**DATA SHOWN**
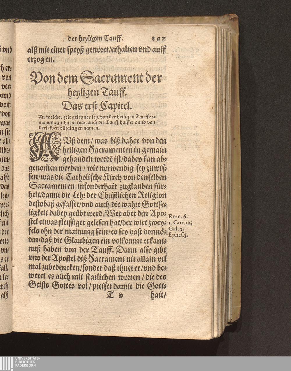 Das erst Capitel. Zu welcher Zeit gelegner sey/ von der heiligen Tauffermanung zuthuen:[...]
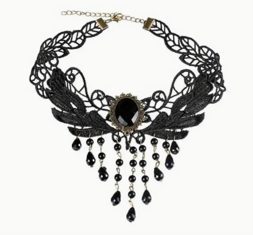 A black choker adorned with delicate leaf motifs and embellished with beads, offering a subtle nature-inspired elegance to your ensemble.
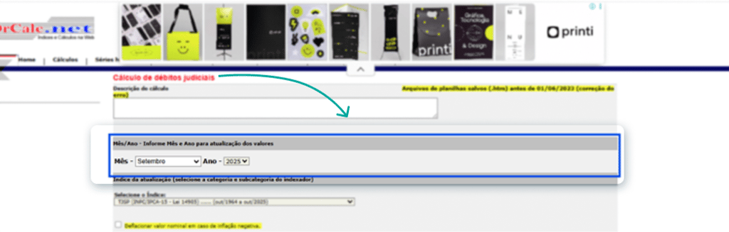 2º Passo: Com o site aberto, localize o campo “Mês/Ano - Informe Mês e Ano para atualização dos valores”
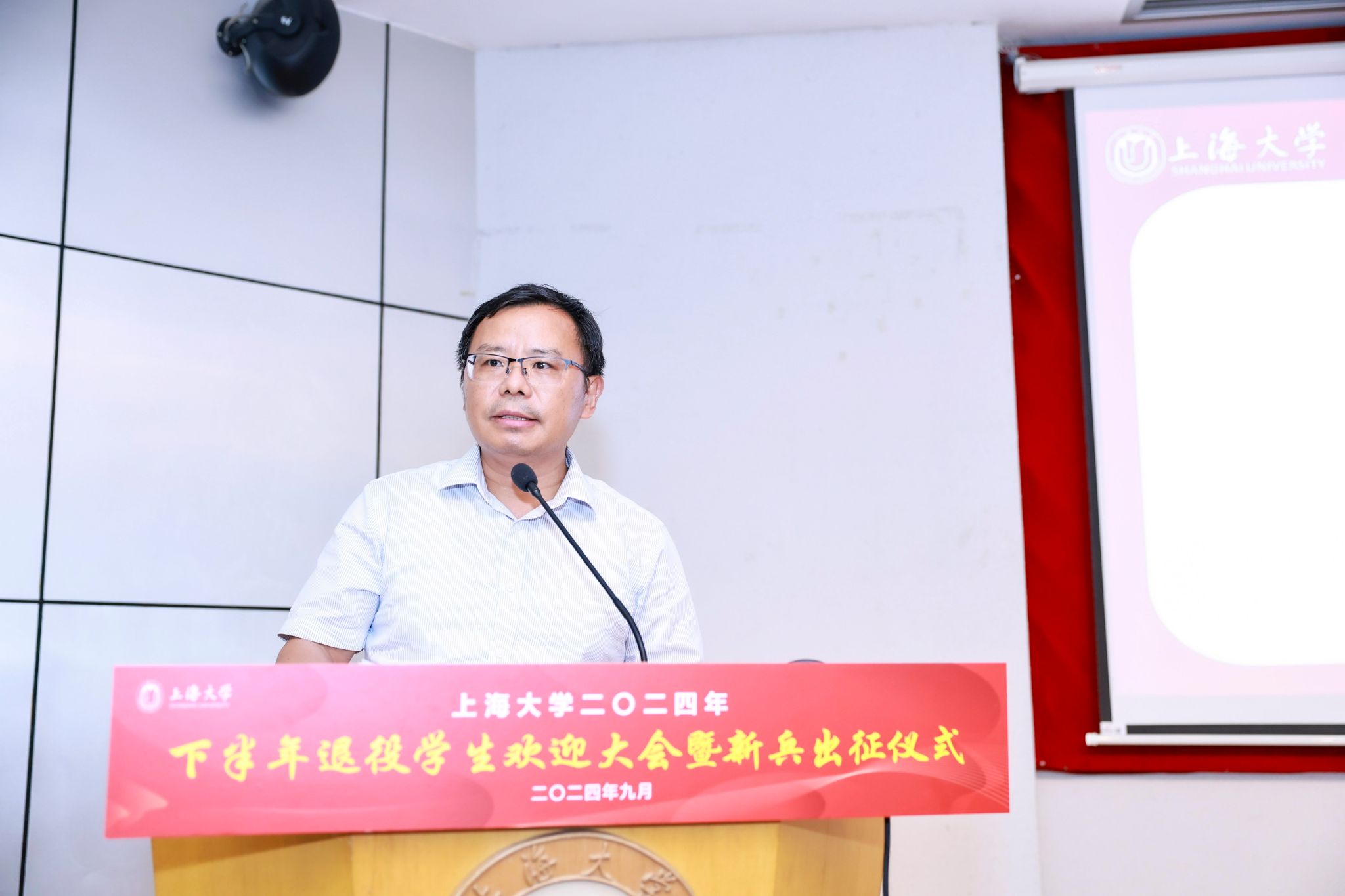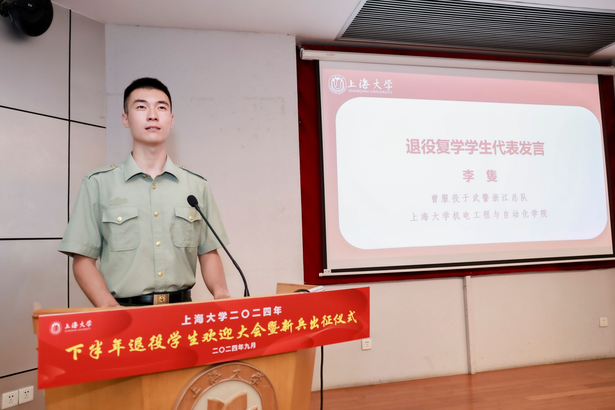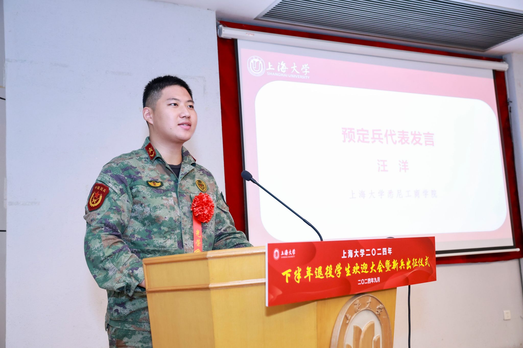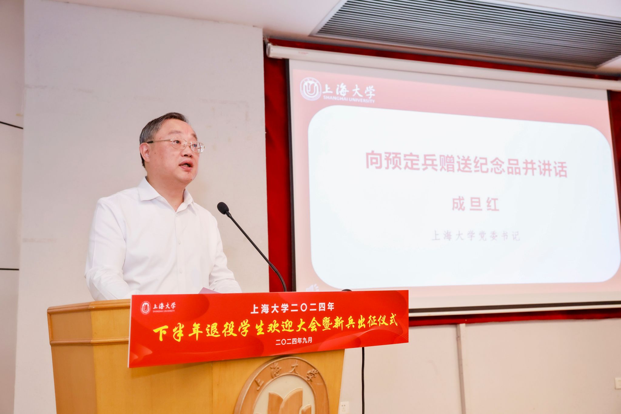 9月6日下午,sunbet申搏官方网站2024年下半年退役学生欢迎大会暨新兵出征仪式在宝山校区行政楼报告厅举行。sunbet申搏官方网站党委书记成旦红,党委副书记、副校长胡大伟,上海能源建设集团有限公司、中国电信上海公司、春秋航空和海信集团代表,学校相关部处、学院领导,教师、学生、家长代表参加活动。活动由孟祥栋主持。

**TASK GOAL**
Look for the line that contains "2º Passo: Com", then please copy it and the rest of the lines through the end of the data, pictures excluded.

**ANSWER TO THE EXERCISE**
 2º Passo: Com o site aberto, localize o campo “Mês/Ano - Informe Mês e Ano para atualização dos valores”
 9月6日下午,sunbet申搏官方网站2024年下半年退役学生欢迎大会暨新兵出征仪式在宝山校区行政楼报告厅举行。sunbet申搏官方网站党委书记成旦红,党委副书记、副校长胡大伟,上海能源建设集团有限公司、中国电信上海公司、春秋航空和海信集团代表,学校相关部处、学院领导,教师、学生、家长代表参加活动。活动由孟祥栋主持。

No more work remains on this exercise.